Antiretroviral therapy is essential for human immunodeficiency virus (HIV) infected patients to inhibit viral replication and therewith to slow progression of disease and prolong a patient’s life. However, the high mutation rate of HIV can lead to a fast adaptation of the virus under drug pressure and thereby to the evolution of resistant variants. In turn, these variants will lead to the failure of antiretroviral treatment. Moreover, these mutations cannot only lead to resistance against single drugs, but also to cross-resistance, i.e., resistance against drugs that have not yet been applied.

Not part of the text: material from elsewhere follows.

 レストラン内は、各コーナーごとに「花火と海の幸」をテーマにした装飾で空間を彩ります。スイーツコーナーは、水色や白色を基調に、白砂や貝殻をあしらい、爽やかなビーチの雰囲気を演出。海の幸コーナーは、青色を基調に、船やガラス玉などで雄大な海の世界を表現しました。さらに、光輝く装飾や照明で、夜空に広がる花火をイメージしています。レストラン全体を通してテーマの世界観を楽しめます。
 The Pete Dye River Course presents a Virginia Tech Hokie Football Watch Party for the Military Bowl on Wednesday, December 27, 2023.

662 protease sequences and 715 reverse transcriptase sequences with complete resistance profiles were analyzed using machine learning techniques, namely binary relevance classifiers, classifier chains, and ensembles of classifier chains.


In our study, we applied multi-label classification models incorporating cross-resistance information to predict drug resistance for two of the major drug classes used in antiretroviral therapy for HIV-1, namely protease inhibitors (PIs) and non-nucleoside reverse transcriptase inhibitors (NNRTIs). By means of multi-label learning, namely classifier chains (CCs) and ensembles of classifier chains (ECCs), we were able to improve overall prediction accuracy for all drugs compared to hitherto applied binary classification models.

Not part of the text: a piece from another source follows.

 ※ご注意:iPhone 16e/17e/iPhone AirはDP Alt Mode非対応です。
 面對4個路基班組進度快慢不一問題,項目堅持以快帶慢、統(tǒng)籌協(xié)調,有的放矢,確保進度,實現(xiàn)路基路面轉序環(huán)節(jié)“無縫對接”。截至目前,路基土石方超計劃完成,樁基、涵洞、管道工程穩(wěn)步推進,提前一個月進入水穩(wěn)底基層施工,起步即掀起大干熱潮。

The development of fast and precise models to predict drug resistance in HIV-1 is highly important to enable a highly effective personalized therapy. Cross-resistance information can be exploited to improve prediction accuracy of computational drug resistance models.

Peer Review reports


According to estimations by the World Health Organization (WHO) around 35 million people are HIV infected in 2013 worldwide. Moreover, 2.1 million individuals were newly infected in 2013. Although antiretroviral therapy has been steadily improved in the last decades, resistance against antiretroviral drugs is still a serious clinical problem. Driving force of drug resistance is the genetic variation of the virus caused by the high mutation rate paired with a fast replication cycle [1].

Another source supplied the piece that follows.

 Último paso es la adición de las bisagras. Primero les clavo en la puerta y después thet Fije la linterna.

An HIV-1 therapy typically contains a combination of three or even four active pharmaceutical ingredients from different drug classes, thus inhibiting different steps in the replication cycle of HIV. Classical therapies employ two nucleoside reverse transcriptase inhibitors (NRTIs) combined with one non-nucleoside reverse transcriptase inhibitor (NNRTI) or one protease inhibitor (PI). New drug classes, such as Integrase Inhibitors (INIs), and entry inhibitors, enable alternative therapies when resistance mutations are already present. PIs prevent viral replication by inhibiting the activity of HIV-1 protease, an enzyme used by the viruses to cleave nascent polypeptides into functional proteins. They are designed to have a high affinity to the catalytic center of the HIV protease, thereby hampering its enzymatic activity. NRTIs and NNRTIs inhibit the activity of the reverse transcriptase (RT). NRTIs are nucleoside analogs, and therefore compete for the RT with the natural nucleosides. An incorporation of an NRTI leads to a premature termination of the viral genome replication. In contrast, NNRTIs are non-competitive inhibitors of the RT. They inhibit the movement of protein domains of the RT that is needed to carry out the process of DNA synthesis.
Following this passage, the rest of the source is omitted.